### YOUR TASK
Your answer must be the full set of records, copied exactly, with no pictures in it.

****

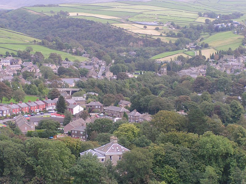 Hayfield, Derbyshire from the northwest. Photograph taken 11th September 2004.
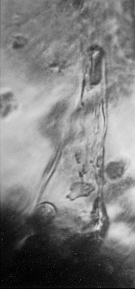 Photo and drawing of Pyrsonymphites cordylinis n. gen., n. sp. F = flagellum, T = tubular area, N = nucleus. Bar = 21 μm.
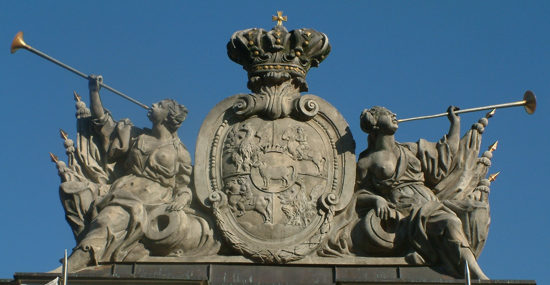 Coat of Arms of Polish-Lithuanian Commonwelth from times of regin of Stanislaus Augustus Poniatowski, Guard House, Poznań
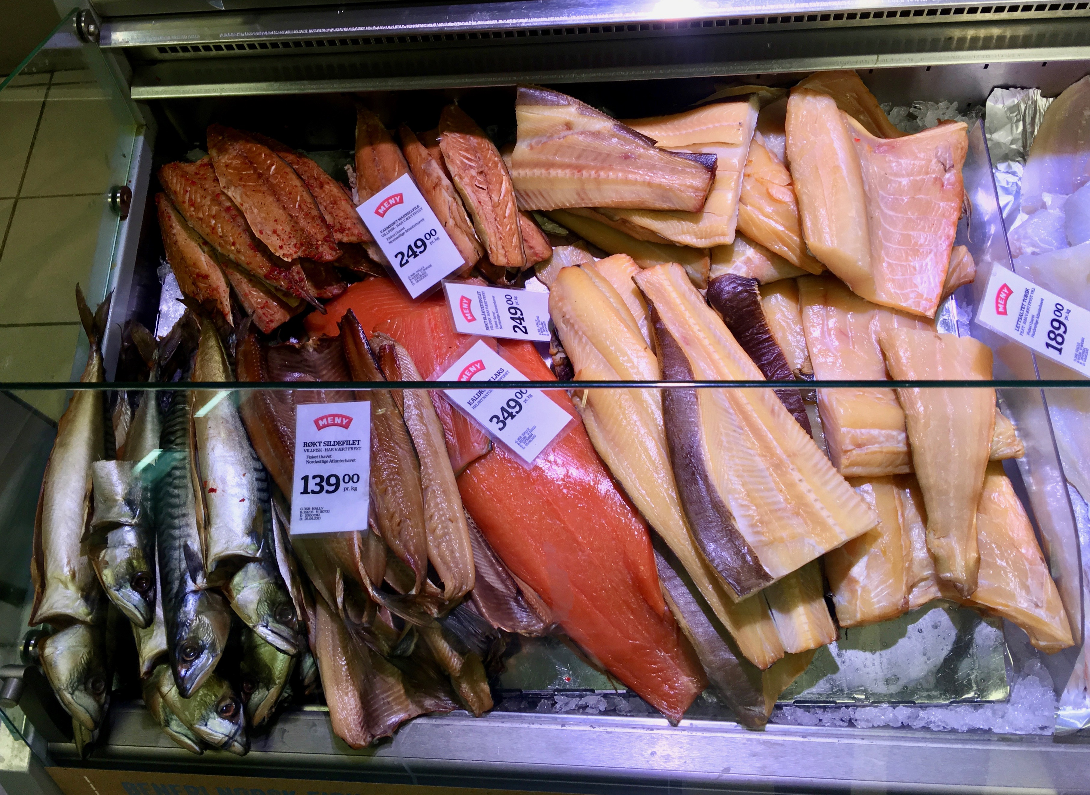 Smoked fish for sale at Meny Supermarket in Bergen Storsenter (shopping mall in Bergen, Norway). October 2017.
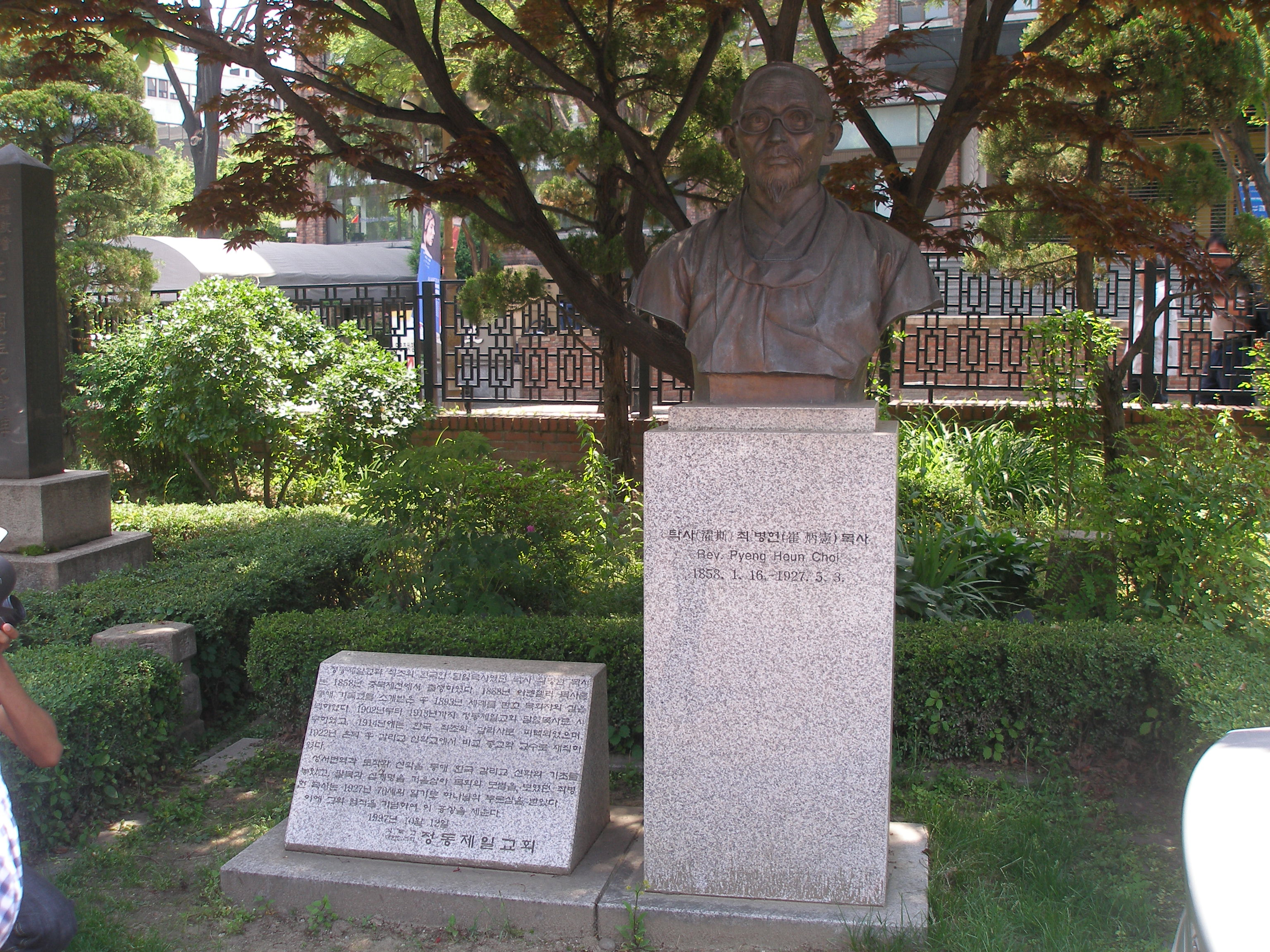 Outcommings of Wikipedia takes Jeongdong 위키백과:위키백과, 정동을 찍다에서 찍은 사진 Pastor CHOI Byeongheon statue in the garden of Jeong-dong church
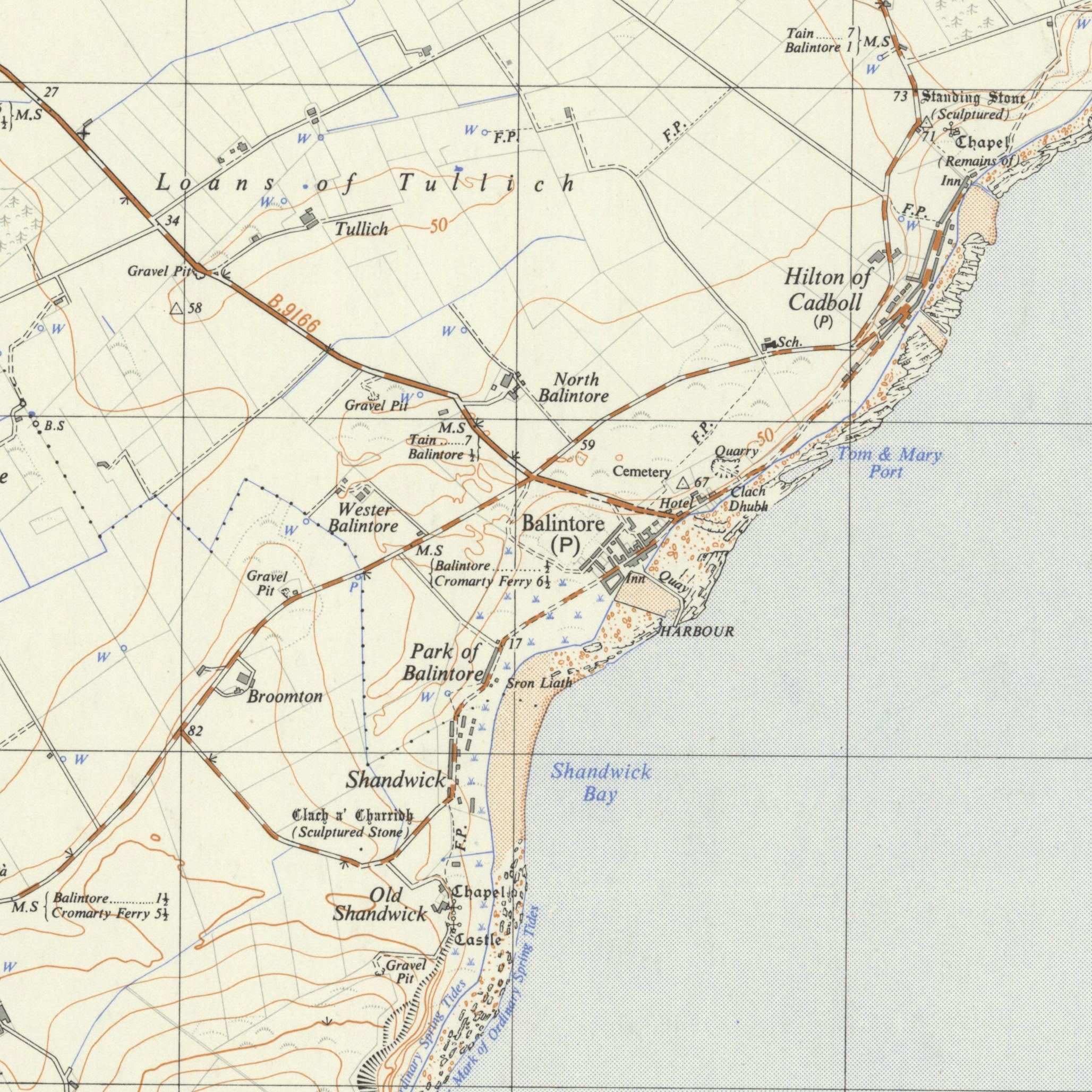 Old Ordnance Surve Map (1950), showing the Seabord Villages on Tarbat Peninsula, Easter Ross, Scotland. Map includes the Villages of Balintore, Hilton of Cadboll and Shandwick as well as the locations of two Pictish Stones near Shandwick and near Hilton of Cadboll.

****

### TASK SOLUTION
 Hayfield, Derbyshire from the northwest. Photograph taken 11th September 2004.
 Photo and drawing of Pyrsonymphites cordylinis n. gen., n. sp. F = flagellum, T = tubular area, N = nucleus. Bar = 21 μm.
 Coat of Arms of Polish-Lithuanian Commonwelth from times of regin of Stanislaus Augustus Poniatowski, Guard House, Poznań
 Smoked fish for sale at Meny Supermarket in Bergen Storsenter (shopping mall in Bergen, Norway). October 2017.
 Outcommings of Wikipedia takes Jeongdong 위키백과:위키백과, 정동을 찍다에서 찍은 사진 Pastor CHOI Byeongheon statue in the garden of Jeong-dong church
 Old Ordnance Surve Map (1950), showing the Seabord Villages on Tarbat Peninsula, Easter Ross, Scotland. Map includes the Villages of Balintore, Hilton of Cadboll and Shandwick as well as the locations of two Pictish Stones near Shandwick and near Hilton of Cadboll.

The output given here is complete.